Rehe sind sehr wählerisch bei ihrem Speiseplan, die Wiederkäuer ernähren sich überwiegend von Kräutern, Früchten und Nadelsprossen, aber auch verschiedene Beeren werden nicht verschmäht. Ein erwachsenes Reh kann eine Schulterhöhe zwischen 60 und 90 erreichen, und eine Länge zwischen 100 und 140 cm. Sie werden in der Regel ca. 15 Jahre alt. 

 

 

Der Rotfuchs !

Jetzt hat er uns entdeckt.Aber keine Angst der tut uns nichts.

Der männliche Fuchs wird Rüde genannt.

Der weibliche Fuchs heißt Fähe. 

Bis in die 70 Jahre vermutete man, dass der Fuchs ein absoluter Einzelgänger ist. Durch eine groß angelegte Studie wurde aber herausgefunden dass der Fuchs ein regelrechtes Familienleben führt. Da übernimmt auch mal die Tante, oder ein anderes weibliches Familienmitglied die Beschützerrolle. Eine Fähe bringt ca.4-6 Junge auf die Welt.
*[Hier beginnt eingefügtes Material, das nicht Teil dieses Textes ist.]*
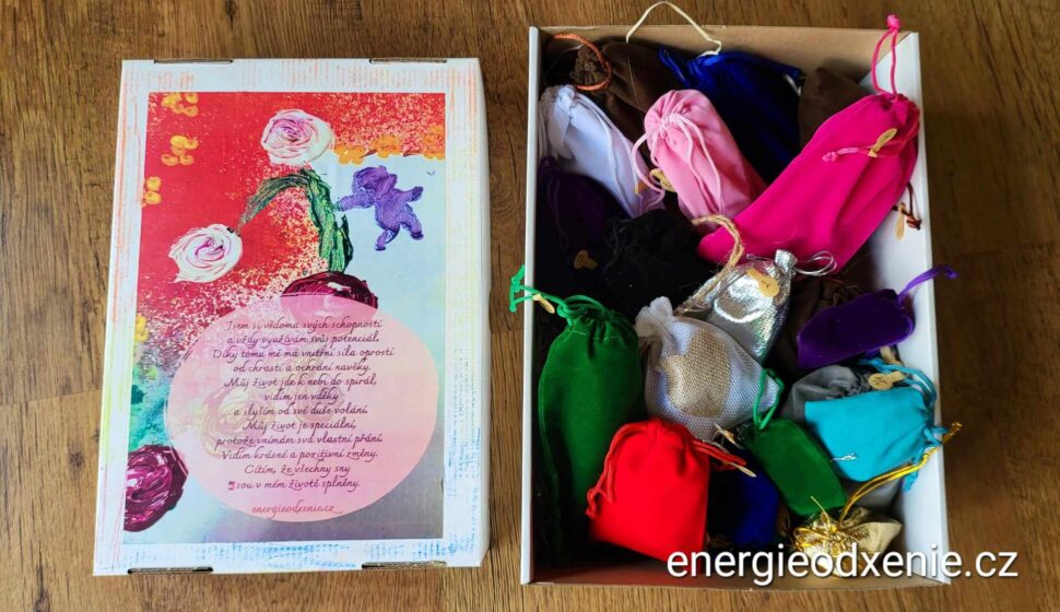 24 krásných, hodnotných a praktických dárků v semišových barevných pytlíčcích. To je Kouzelná krabice.
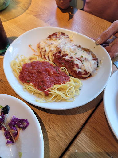 When you walk into this restaurant, the odor of italian food and bleach hits my nose. The wait staff is good and the food is just as tasty as found at other Olive Garden locations. Its a good, familiar experience consistent with the Olive Garden formula but not memorable. The dining area is nice but during my last few visits, the booth table seemed crowded with three of us dining. Much of the food is good but not exciting. The salad is mainly a bowl of lettuce and the breadsticks are hot, doughy and boring. A few tweaks to the food to bring it to life, a more exciting salad and hot bread dipped in garlic and olive oil could give this Italian some pizazz!
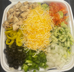 Lettuce, Tomato, Onion,Green Pepper, Cucumber, Black Olive, Banana Peppers, Cheese
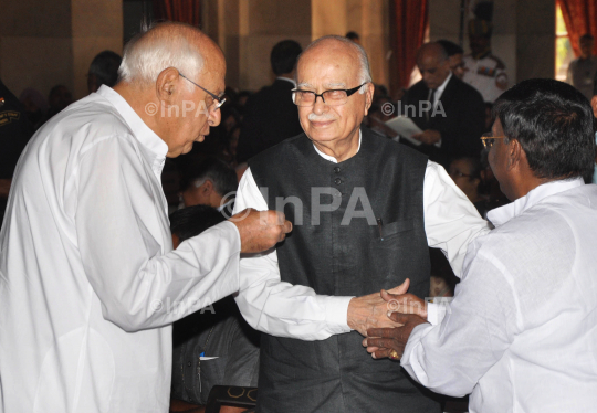 Union Minister for New and Renewable Energy, Dr Farooq Abdullah and Minister of State in Prime Minister's Office (PMO), V Narayanasamy talk to BJP Leader LK Advani at the swearing-in ceremony of the new Chief Justice of India Justice Altamas Kabir at Rashtrapati Bhavanin New Delhi on Sept 29, 2012. Photo Credit: Indian Photo Agency
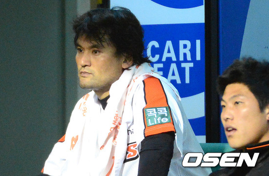 3일 오후 대전 한밭야구장에서 열린 '2012 팔도 프로야구' 한화 이글스와 KIA 타이거즈의 경기, 6회초 2사 마운드를 내려온 한화 박찬호가 그라운드를 바라보고 있다.
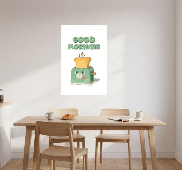 Reference: G652Start your day with a delightful touch of charm with our Kitchen poster good morning with toaster. This vibrant design features an eye-catching toaster that radiates warmth and positivity, making it the perfect addition to any kitchen. The semi-matt finish ensures that the colors pop without reflections, while the high colour intensity draws the eye and sparks joy in your morning routine. Printed on high-quality 180g/m2 paper, this poster is not just a decoration, but a daily reminder to embrace the joy of cooking and the comfort of home!
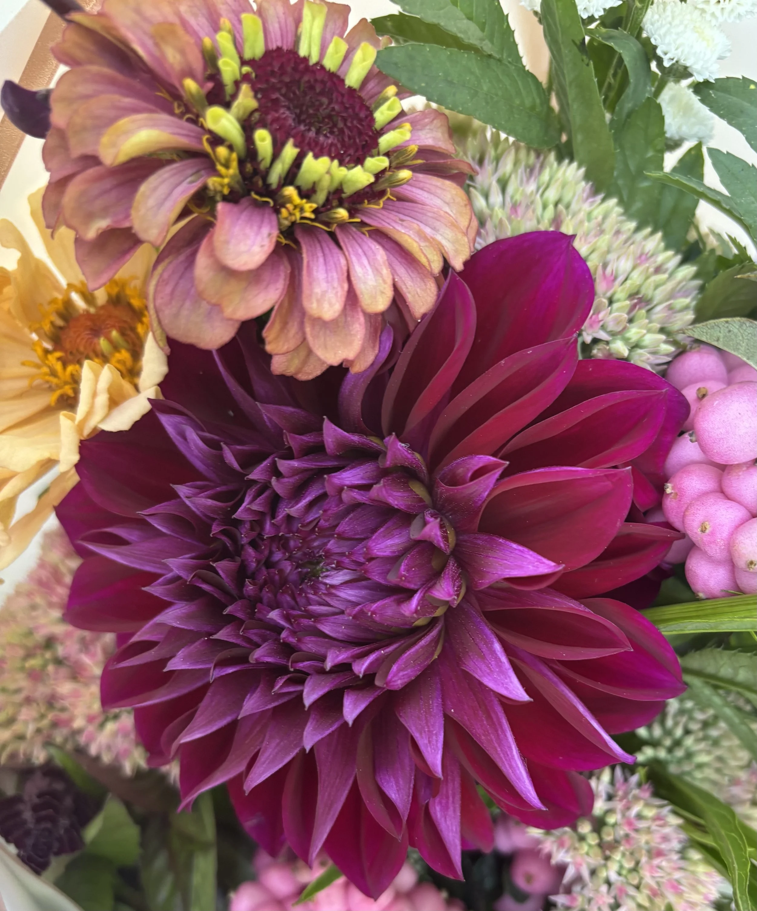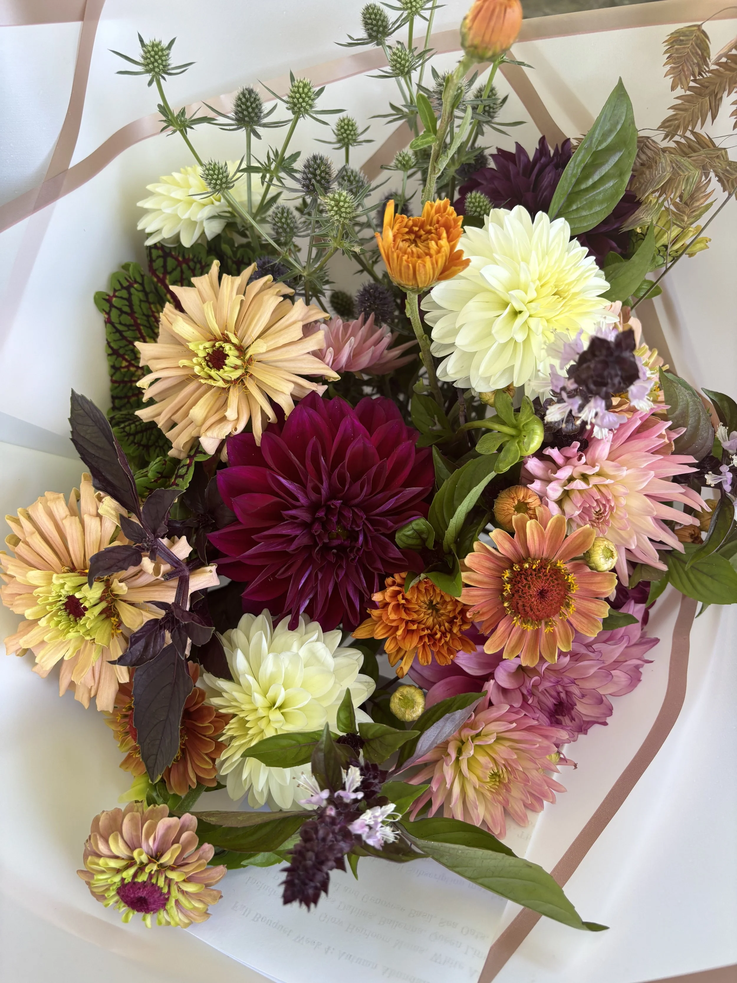 No chemicals, pesticides, or any other harmful substances are used to turn out these beautiful blooms. The only spray we use is a water hose! We also honor each season and the unique blooms they provide. There will be no peonies in August and no dahlias in May, but stunning seasonal flowers year round!

Der Fuchs ist eigentlich ein Raubtier, er jagt hauptsächlich Vögel, verschiedene Nagetiere oder Kaninchen. Aber  er isst auch Beehren die im Wald wachsen. Der Fuchs wird ca. 10-15 Jahre alt. Und können ein Gewicht von ungefähr 6-10 Kilo erreichen. Ein ausgewachsener Fuchs hat eine Schulterhöhe von ca.35-40 cm.

 

Das Wildschwein !

Hier fühlen sich die Wildschweine wohl.

Die weiblichen Wildschweine, man nennt sie auch Bache, leben in einem sogenannten Harem. Das bedeutet dass sich  die Weibchen zusammen mit ihren älteren Kinder vom Vorjahr um die Frischlinge kümmert. Es ist keine Seltenheit dass die älteren Kinder auch schon Nachwuchs haben.

Das Wildschwein ist eines der größten Tiere hier im Teckwald, es hat hier auch keinerlei natürliche Feinde mehr, denn Luchse, Bären, oder auch Wölfe gibt es hier in unserem Umkreis nicht mehr. Die Wildschweine sind Allesfresser, ernähren sich gerne von Gräsern, Kräutern, Wurzeln, Pilze, Beeren, Eicheln, Feldfrüchte, Würmer, Insekten, und Kleinsäuger.

Die männliche Wildsau, der Keiler, wird in der Regel zwischen 100 und 300 kg schwer.

Die Bache, also die weibliche Wildsau, wird immerhin zwischen 100 und 170 kg schwer.

Bei so einem hohen Gewicht ist es recht beachtlich dass die Wildschweine durchaus 50 km pro Stunde rennen können. 

In der freien Natur wird das Wildschwein ca. 20 Jahre alt.